Two putative GATA motifs in the proximal exon 1 promoter of the rat insulin-like growth factor I gene regulate basal promoter activity

The insulin-like growth factor I gene is transcribed from two promoters, which direct synthesis of alternative first exons (exon 1 and exon 2) in insulin-like growth factor I messenger RNAs (mRNAs). An exon 1 promoter construct extending from +75 to +192 (the most upstream exon 1 start site was designated as + 1) showed significant promoter activity in C6, OVCAR-3, and SK-N-MC cells. Within the +75 to +192 region, there are two perfect matches to the consensus binding site for GATA transcription factor, at +108 (GATA-A) and at +183 (GATA-B). Mutations of the GATA-A or GATA-B sequences resulted in slight (or no) effect on exon 1 promoter activity in both C6 and OVCAR-3 cells. However, mutation of the GATA-A sequence stimulated exon 1 promoter activity by 68% in SK-N-MC cells. Mutation of the GATA-B sequence inhibited exon 1 promoter activity by 4.4-fold in SK-N-MC cells.
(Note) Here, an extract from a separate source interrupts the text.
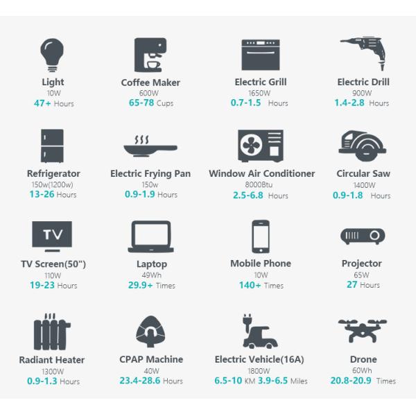 regrigerator, grill, air conditioner, TV, laptop, electric vehicle,

Electrophoretic mobility shift assays showed that there were nuclear proteins in SK-N-MC cells capable of specifically binding to the GATA-A and GATA-B elements and that this binding was GATA-sequence specific. GATA-2, GATA-3, and GATA-4 are the only GATA proteins that have been reported to be expressed in neurons. None of the antibodies against these three GATA proteins were capable of inhibiting or supershifting the bands formed by the nuclear proteins and oligonucleotides containing GATA-A or GATA-B elements. A GATA-1 expression vector was used to perform cotransfection experiments. The GATA-A mutation abolished the stimulatory effect of the GATA-1 factor on promoter activity, In contrast, the GATA-B mutation enhanced the stimulatory effect of GATA-1 protein. Anti-GATA-1 antibody was also incapable of inhibiting or supershifting the bands formed by the nuclear proteins and oligonucleotides containing the GATA-A or GATA-B elements. In conclusion, the GATA-A element seems to bind an inhibitory endogenous factor(s) in SK-N-MC cells, whereas the GATA-B element may bind a stimulatory factor(s). These factors seem to be related to GATA transcription factors but are immunologically distinct from GATA-2, GATA-3, or GATA-4. GATA-1 has the potential to transactivate the exon 1 promoter through the GATA-A element but is unlikely to be the endogenous protein binding to the GATA-A or the GATA-B motifs in SK-N-MC cells.